**What to do:** Copy the lines from the start of the records below through the line containing "Beautiful Jeffrey Campbell", both included, and leave out the pictures.

Stored records
[Start of Attachment]

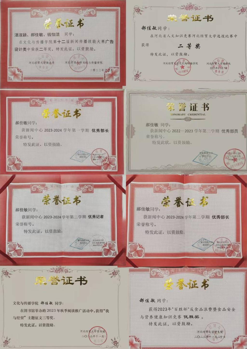 河北省人文知识竞赛校内选拔赛二等奖两次
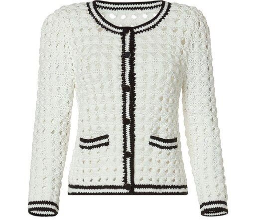 Сегодня хочу поделиться с Вами интересной моделью – жакет в стиле Шанель с карманами, связанный крючком. Для размеров 36/38 (40/42) Вам потребуется 850 (900) г голубой пряжи Rotonda (100% микроволокна, 130м/50г), 500 (550) г белой Toccata Fino (100% хлопка, 160м/50г) и 50 г салатной India Cotton (56% микроволокна, 44% хлопка 50м/50г); крючки № 4 и 5; 6 пуговиц в тон пряжи. Белой и голубой пряжей вяжем вместе. Основной узор: вяжем по схеме (число петель кратно 6+2+3 возд. п. подъема. Заменяем 1-й столбик каждого ряда 3 возд. п. подъема. Начинаем с петли перед раппортом, повторять раппорт нужное количество раз и заканчиваем петлей после раппорта. Повторяем 1 раз с 1-го по 5-й ряд, а затем со 2-го по 5-й ряд. Выкройку делаем в натуральную величину. Спинка: набираем 86 (98) возд. п., вяжем основным узором 34 см. и оставляем с обеих сторон для пройм по 6 ст. = 74(86) ст. Через 50(52) см от наборного края оставляем с обеих сторон для скоса плечей 2 раза по 13(16) ст. Через 52(54) см. заканч
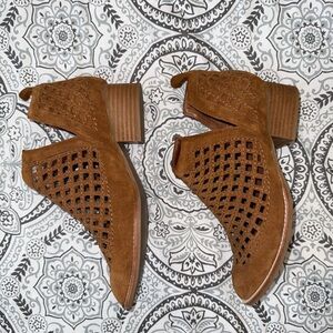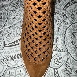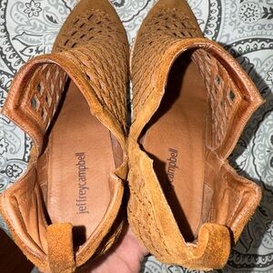 Beautiful Jeffrey Campbell brown/rust Leather Taggart open lattice ankle boots. Size 7.5. Excellent Condition!! Step out in style with these chic brown suede ankle boots. Perfect for any occasion, they offer both comfort and elegance.
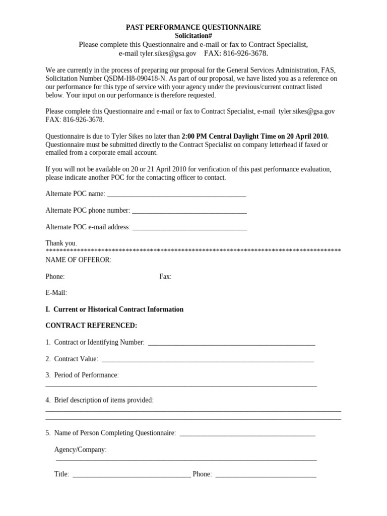 Fillable Online PAST PERFORMANCE QUESTIONNAIRE PAST PERFORMANCE Fax
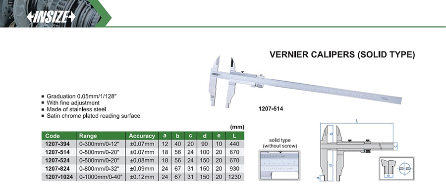 | 1207-514 | 0-500mm/0-20" | ±0.07mm | 0.05mm/1/128" |
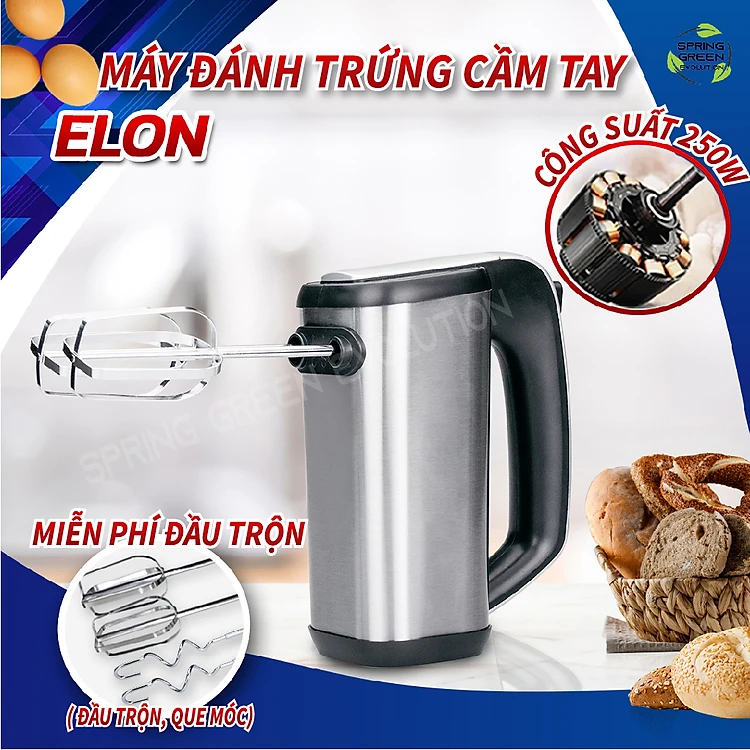Máy đánh trứng cầm tay Elon Mixer sẽ giúp bạn tạo ra những món ăn yêu thích, giúp việc chế biến món ăn trở nên dễ dàng và tiết kiệm thời gian. Máy có 2 đầu trộn (đầu trộn cánh quạt, và đầu trộn móc). Tốc độ có thể điều chỉnh lên tới 5 cấp độ. Động cơ 250W giúp máy có thể hoạt động liên tục đến 12 giờ, đáp ứng nhu cầu kinh doanh. Máy có thể trộn được nhiều nguyên liệu, xứng đáng là chiếc máy đa năng, all in one.

[End of Attachment]

**Task result:**
 河北省人文知识竞赛校内选拔赛二等奖两次
 Сегодня хочу поделиться с Вами интересной моделью – жакет в стиле Шанель с карманами, связанный крючком. Для размеров 36/38 (40/42) Вам потребуется 850 (900) г голубой пряжи Rotonda (100% микроволокна, 130м/50г), 500 (550) г белой Toccata Fino (100% хлопка, 160м/50г) и 50 г салатной India Cotton (56% микроволокна, 44% хлопка 50м/50г); крючки № 4 и 5; 6 пуговиц в тон пряжи. Белой и голубой пряжей вяжем вместе. Основной узор: вяжем по схеме (число петель кратно 6+2+3 возд. п. подъема. Заменяем 1-й столбик каждого ряда 3 возд. п. подъема. Начинаем с петли перед раппортом, повторять раппорт нужное количество раз и заканчиваем петлей после раппорта. Повторяем 1 раз с 1-го по 5-й ряд, а затем со 2-го по 5-й ряд. Выкройку делаем в натуральную величину. Спинка: набираем 86 (98) возд. п., вяжем основным узором 34 см. и оставляем с обеих сторон для пройм по 6 ст. = 74(86) ст. Через 50(52) см от наборного края оставляем с обеих сторон для скоса плечей 2 раза по 13(16) ст. Через 52(54) см. заканч
 Beautiful Jeffrey Campbell brown/rust Leather Taggart open lattice ankle boots. Size 7.5. Excellent Condition!! Step out in style with these chic brown suede ankle boots. Perfect for any occasion, they offer both comfort and elegance.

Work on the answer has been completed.